Vulnerability management prioritization: During the April 2026 CVE landscape activity period, exploitation attempts for newly disclosed vulnerabilities concentrated heavily in specific hosting ASNs used by exploitation-as-a-service operations. Organizations with ASN telemetry in their vulnerability management workflow could identify which CVEs were being actively targeted against their exposed services by correlating exploit attempt source ASNs with known exploitation infrastructure.
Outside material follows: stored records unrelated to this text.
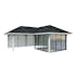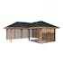 Tillverkad av nordisk gran med 120x120 mm starka limträstolpar och 19 mm takbrädor. Låsbara skjutdörrarna i 24 mm härdat dubbelglas (4 mm härdat glas - 16 mm luftspalt - 4 mm härdat glas) monterat i solida aluminiumprofiler. 28 mm väggstockar.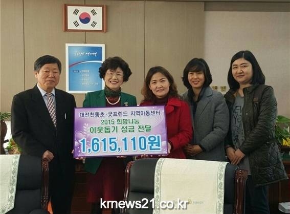 대전천동초등학교(교장 성수자)가 18일(금) 사단법인 굿프랜드에서 운영하는 굿프랜드지역아동센터에 학부모회에서 주관하여 전교생이 고사리 같은 손으로 모은 성금 1,615,110원을 전달하였다.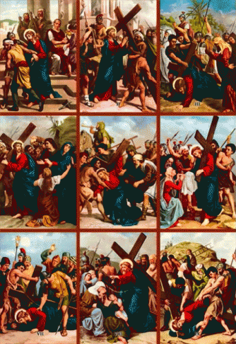 A collage of religious paintings depicting the Stations of the Cross and the Resurrection of Jesus Christ.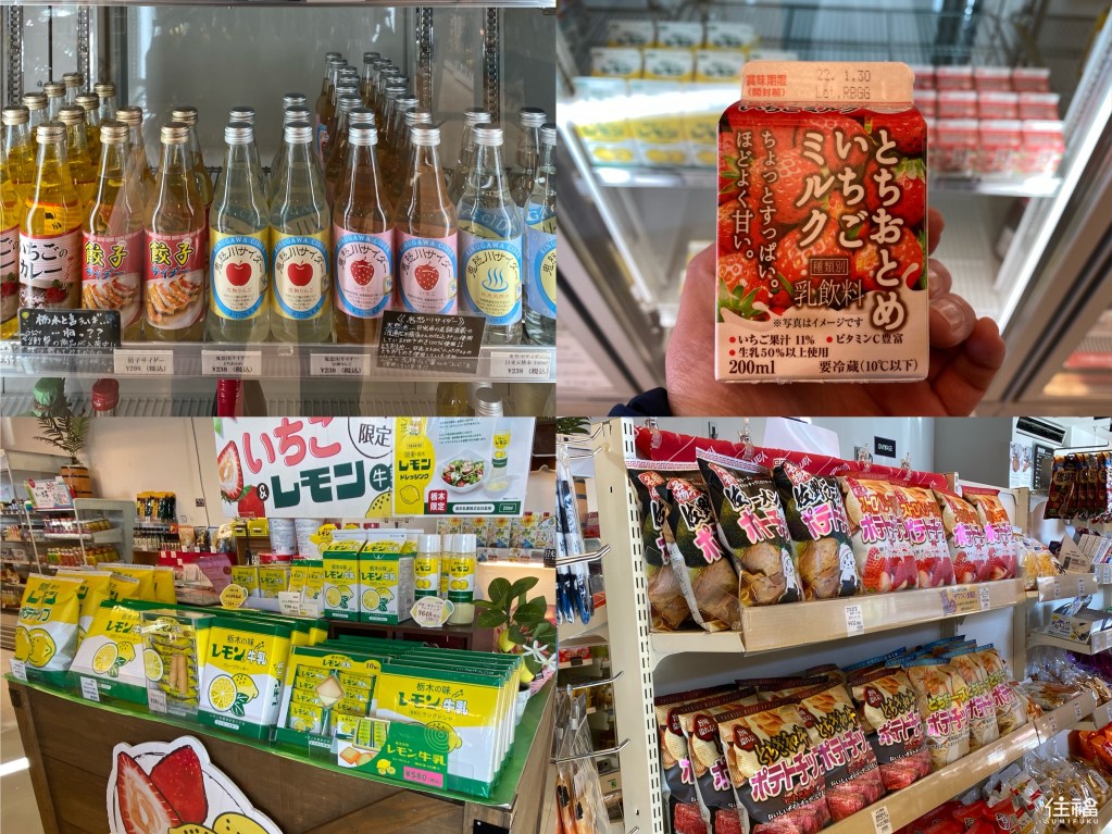 當然不免俗的也要帶點伴手禮回去,而在車站前面就有幾間各式伴手禮都非常齊全的店家,鬼怒川隸屬於栃木縣,所以可以看到許多栃木縣的許多特產,像是草莓系列的、檸檬牛奶系列跟那須高原的起士系列都是超人氣伴手禮。當然如果不想跑太遠,或時間太趕,就在站內名叫ACCESS TOBU的小型便利店,也可以買到許多很道地的特色伴手禮喔!

Measuring Whether Your ASN Filtering Is Actually Working

Metrics for ASN filtering effectiveness need to go beyond raw block counts. High block counts may indicate a well-tuned policy or may indicate that legitimate traffic is being incorrectly classified. The meaningful metrics are:

• False positive rate: Track support tickets and user-reported access failures that trace back to ASN blocking decisions. A well-calibrated policy should generate very few false positives after the initial tuning period.
• Coverage ratio: Measure what percentage of hostile traffic in your IDS and WAF logs originates from ASNs currently in your Tier 1 or Tier 2 classification. This tells you whether your threat intelligence sources are covering the ASNs actually attacking your environment.
• Time-to-block for emerging ASNs: When a new bulletproof hosting ASN is identified in threat intelligence feeds, measure how long before your filtering policy reflects it. Reducing this lag is one of the primary operational goals of ASN filtering automation.
• Prefix list staleness: Track how often your prefix resolution pipeline runs and whether prefix counts for monitored ASNs are changing, indicating your data is current rather than stale.

Where ASN Filtering Reaches Its Limits

ASN filtering handles a specific part of the threat landscape effectively and reaches its limits in equally specific ways. Nation-state actors with access to compromised infrastructure in legitimate residential ISP ASNs, as documented in multiple advanced persistent threat campaigns, operate from ASNs that carry enormous volumes of legitimate traffic. Filtering at the ASN level against residential ISPs causes collateral damage disproportionate to the security benefit.

Residential proxy networks, increasingly used by threat actors to distribute attack traffic across consumer-grade ASNs, present a similar challenge. The ASN belongs to a legitimate ISP. The individual IPs are compromised or voluntarily enrolled residential nodes. ASN filtering provides no leverage here; behavioral analysis and session-level anomaly detection handle this traffic pattern more effectively.

The practical conclusion is that ASN filtering belongs in a layered defense architecture where it handles the high-confidence, bulk-noise end of the threat spectrum, freeing analyst attention and filtering capacity for the harder problems that require behavioral and contextual analysis. Used as the sole filtering mechanism, it leaves gaps. Used as a foundational layer under behavioral analysis, anomaly detection, and threat intelligence correlation, it significantly reduces the noise that degrades everything else.

For organizations still building out their filtering stack, ASN-based filtering delivers the best return on implementation effort in the early phases of program maturity. It is operationally straightforward to implement, directly addresses the IP-rotation tactics most commonly used by high-volume threat actors, and provides enrichment data that makes every other layer of the security stack more effective.